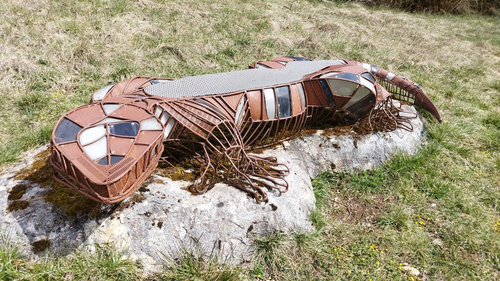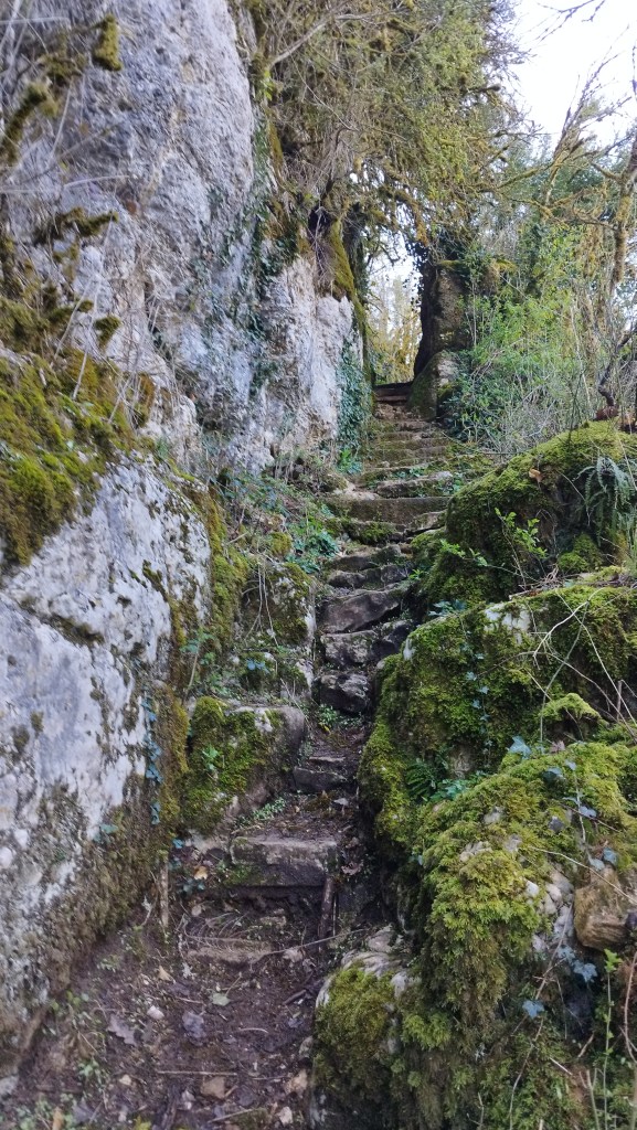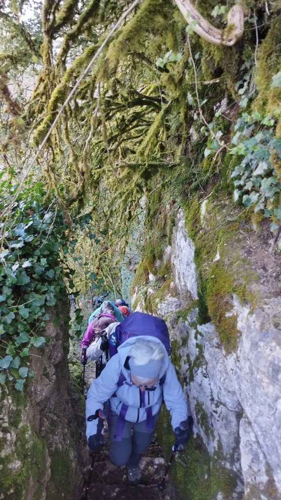 Il fait déjà bien frais!! mais nous allons vite nous réchauffer, car nous attaquons directement sous la falaise que nous franchissons par le bel escalier encaissé. Un passage par le belvédère du barrage, puis un petit détour pour découvrir le « lappiaz » au lieu dit Les Sagoureilles.
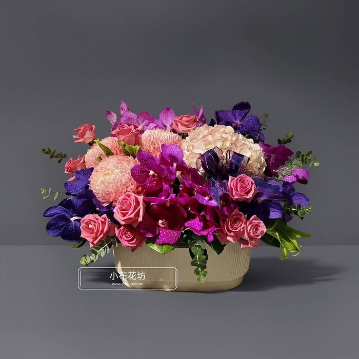 花材:粉繡球 紫天王玫瑰 巨輪蘭花 千代 蘭 進口牡丹菊 季節葉材(3天前預訂)
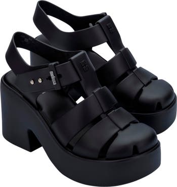 A soaring platform and block heel promote a retro-cool aesthetic on a cushioned fisherman sandal secured with an adjustable buckle closure. A water-resistant finish and the brand s infused fruit scent add a signature flourish.
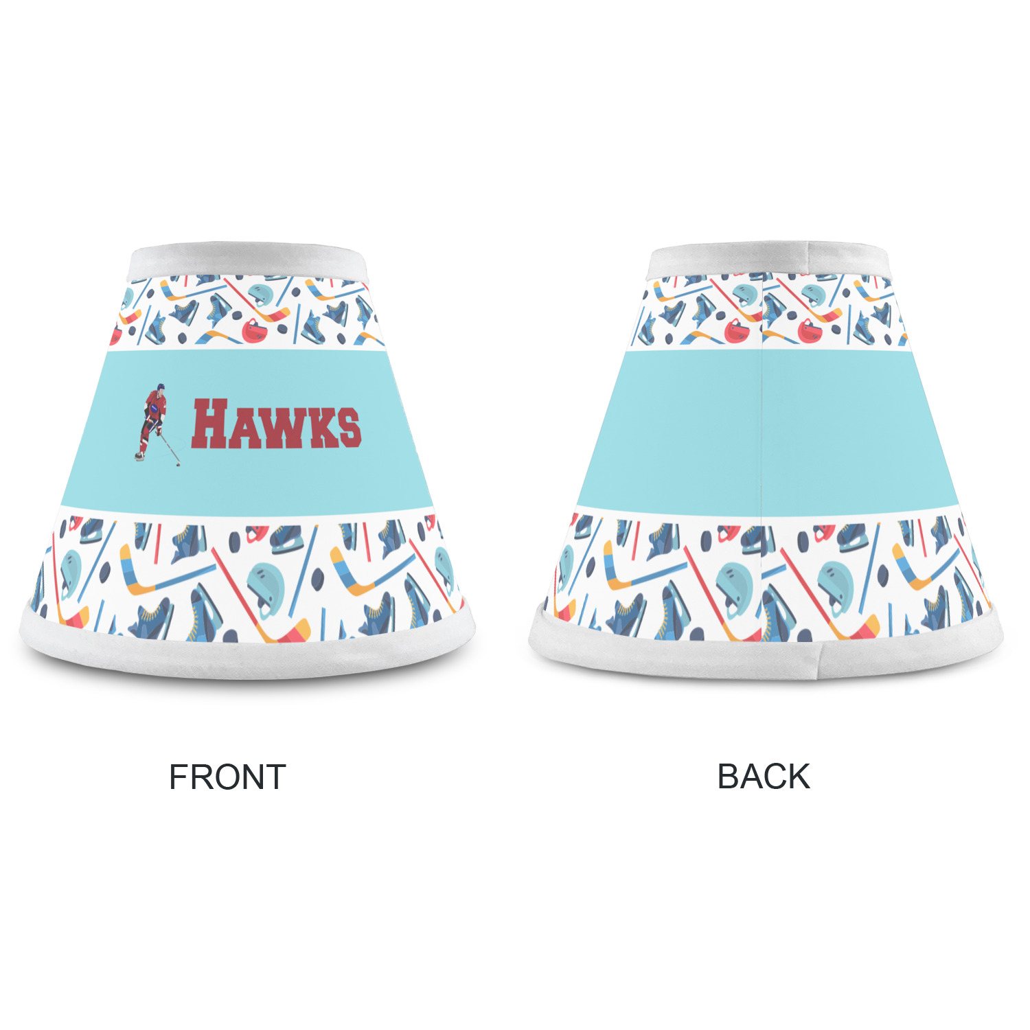 The main design has a fun background with illustrated hockey equipment including a helmet, hockey puck, skate, and hockey sticks. Going through the middle of the design is a solid strip of light teal with a graphic of a hockey player alongside a team name. The coordinating design uses this solid teal background with a hockey stick graphic and personalization.
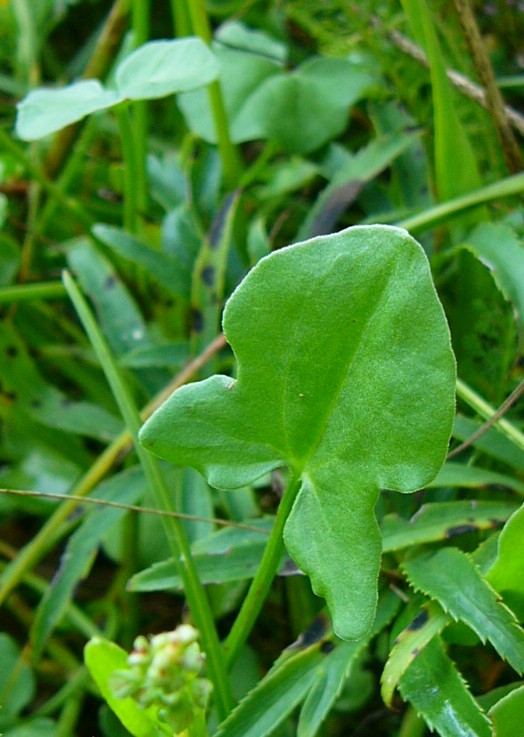 Untere Blätter spießförmig, 10 - 35 mm lang, 5 - 20 mm breit, geigenförmig, spieß- oder pfeilförmig, mit abstehenden Basallappen
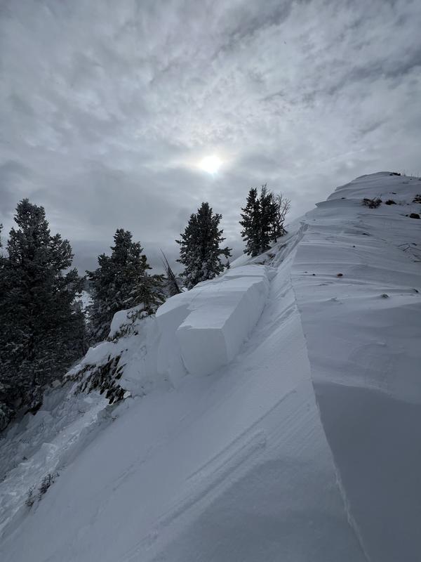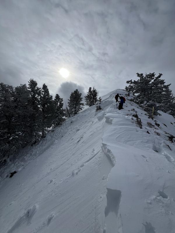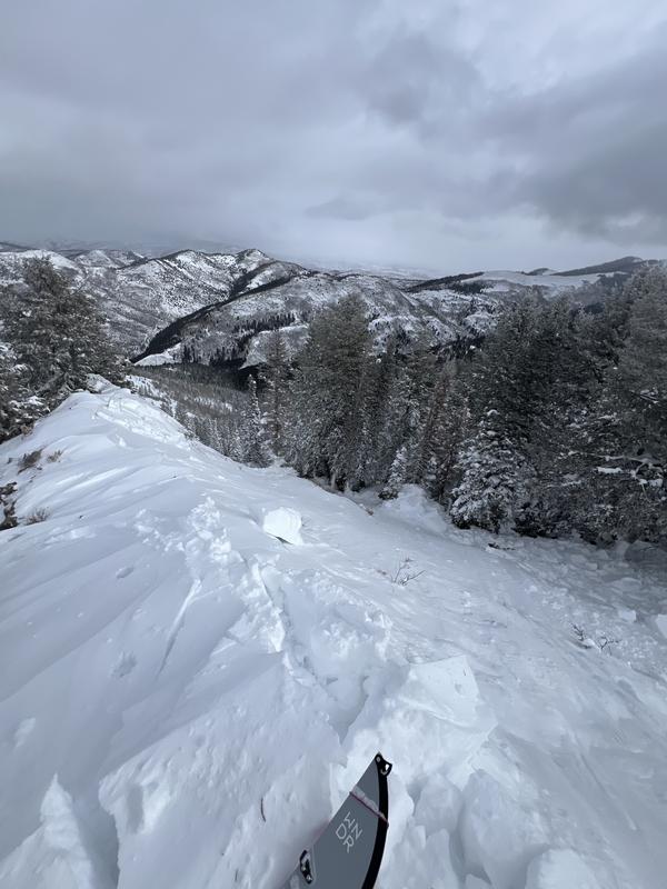 Triggered this while skinning up the north ridge. Could feel the collapse and watched the entire slope fracture to the right and left. Everyone was in a safe place when this happened. Was rather slow moving, but the debris pile was several feet deep.
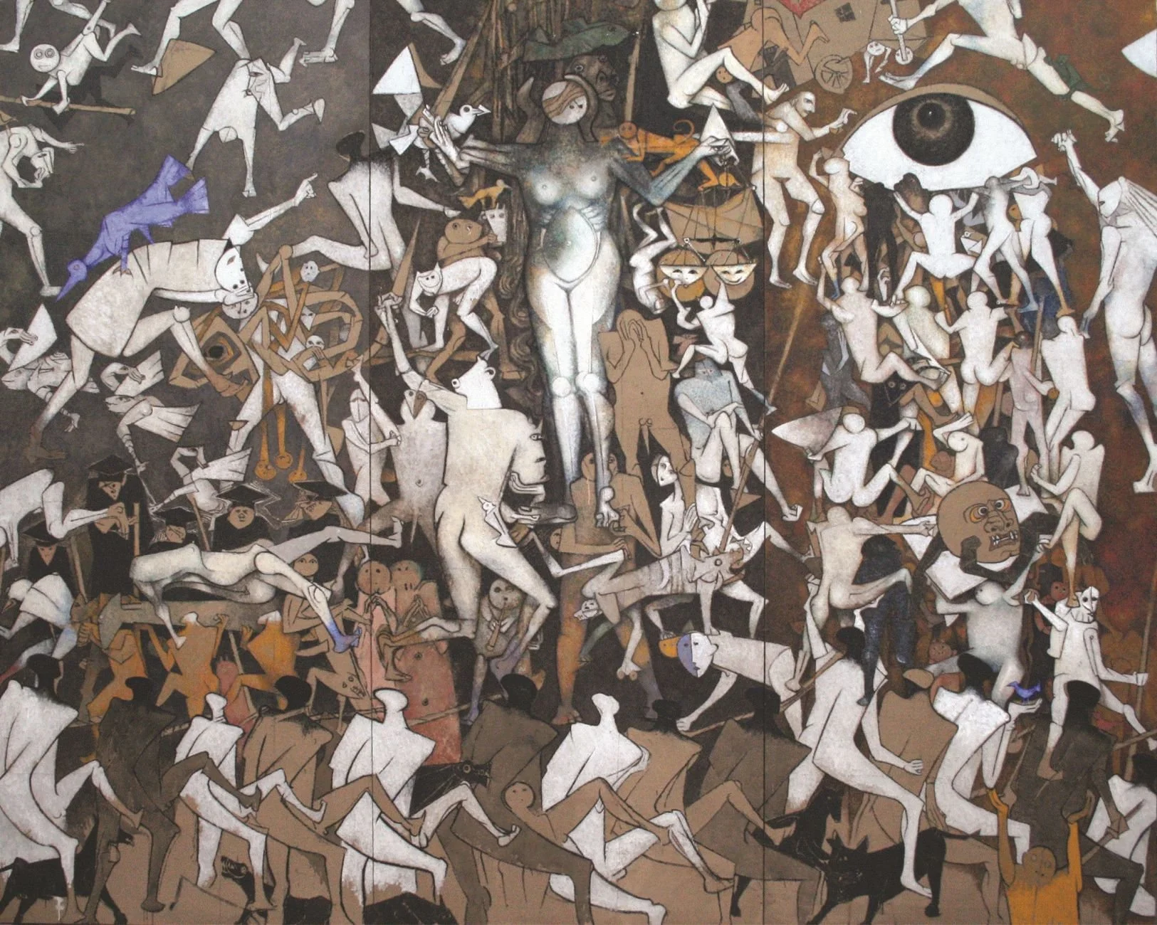 Complex figurative composition using layered paint and precise drawing. Contrasting tones and overlapping bodies create an allegorical scene exploring justice and disorder.
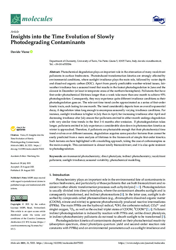 Insights into the Time Evolution of Slowly Photodegrading Contaminants ...
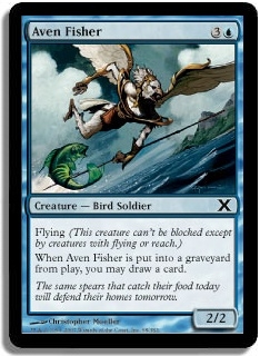 Flying (This creature can't be blocked except by creatures with flying or reach.) When Aven Fisher is put into a graveyard from play, you may draw a card.
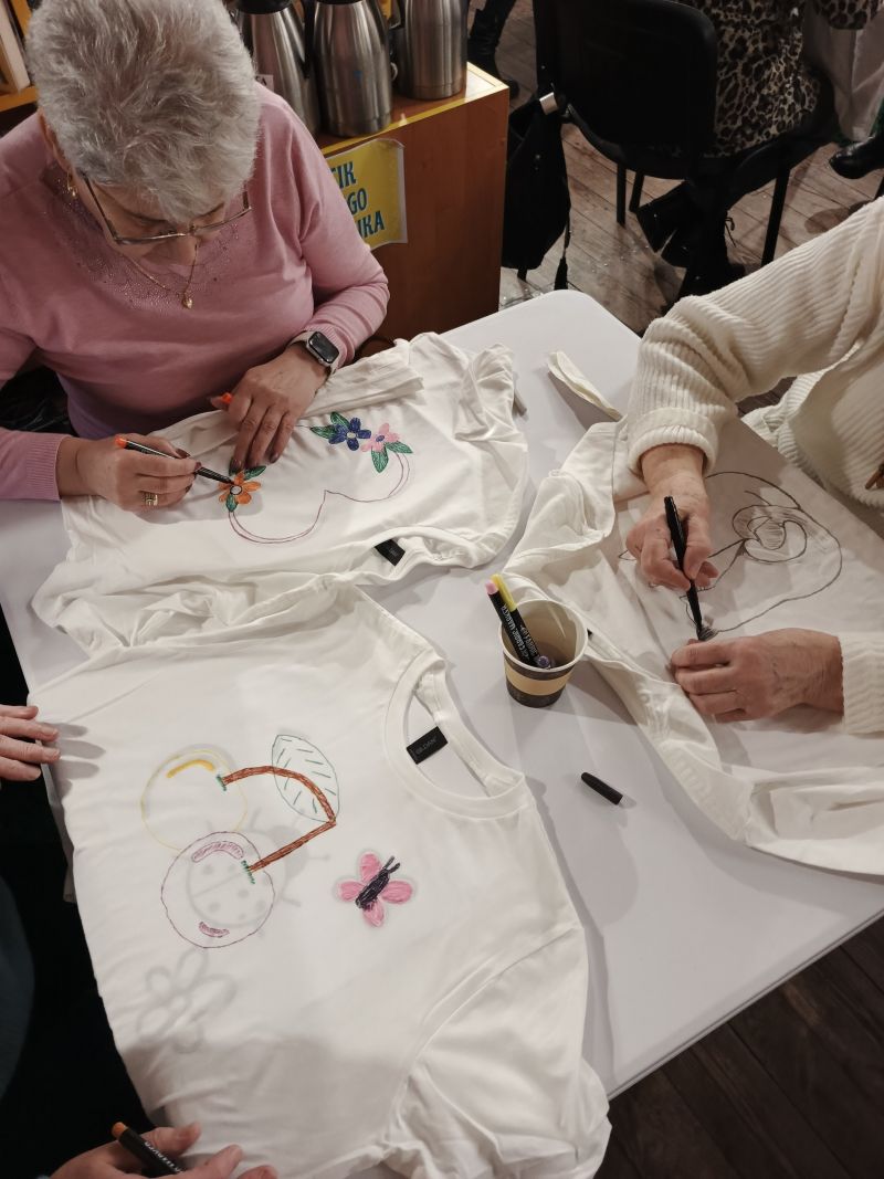 10 lutego odbyły się warsztaty dla osób 60+ podczas których uczestnicy mieli okazję stworzyć własne koszulki.

________________________

- **Assigned task**
Images in the data above are to be skipped. Retype all other material exactly.

- **Finished exercise**
 Il fait déjà bien frais!! mais nous allons vite nous réchauffer, car nous attaquons directement sous la falaise que nous franchissons par le bel escalier encaissé. Un passage par le belvédère du barrage, puis un petit détour pour découvrir le « lappiaz » au lieu dit Les Sagoureilles.
 花材:粉繡球 紫天王玫瑰 巨輪蘭花 千代 蘭 進口牡丹菊 季節葉材(3天前預訂)
 A soaring platform and block heel promote a retro-cool aesthetic on a cushioned fisherman sandal secured with an adjustable buckle closure. A water-resistant finish and the brand s infused fruit scent add a signature flourish.
 The main design has a fun background with illustrated hockey equipment including a helmet, hockey puck, skate, and hockey sticks. Going through the middle of the design is a solid strip of light teal with a graphic of a hockey player alongside a team name. The coordinating design uses this solid teal background with a hockey stick graphic and personalization.
 Untere Blätter spießförmig, 10 - 35 mm lang, 5 - 20 mm breit, geigenförmig, spieß- oder pfeilförmig, mit abstehenden Basallappen
 Triggered this while skinning up the north ridge. Could feel the collapse and watched the entire slope fracture to the right and left. Everyone was in a safe place when this happened. Was rather slow moving, but the debris pile was several feet deep.
 Complex figurative composition using layered paint and precise drawing. Contrasting tones and overlapping bodies create an allegorical scene exploring justice and disorder.
 Insights into the Time Evolution of Slowly Photodegrading Contaminants ...
 Flying (This creature can't be blocked except by creatures with flying or reach.) When Aven Fisher is put into a graveyard from play, you may draw a card.
 10 lutego odbyły się warsztaty dla osób 60+ podczas których uczestnicy mieli okazję stworzyć własne koszulki.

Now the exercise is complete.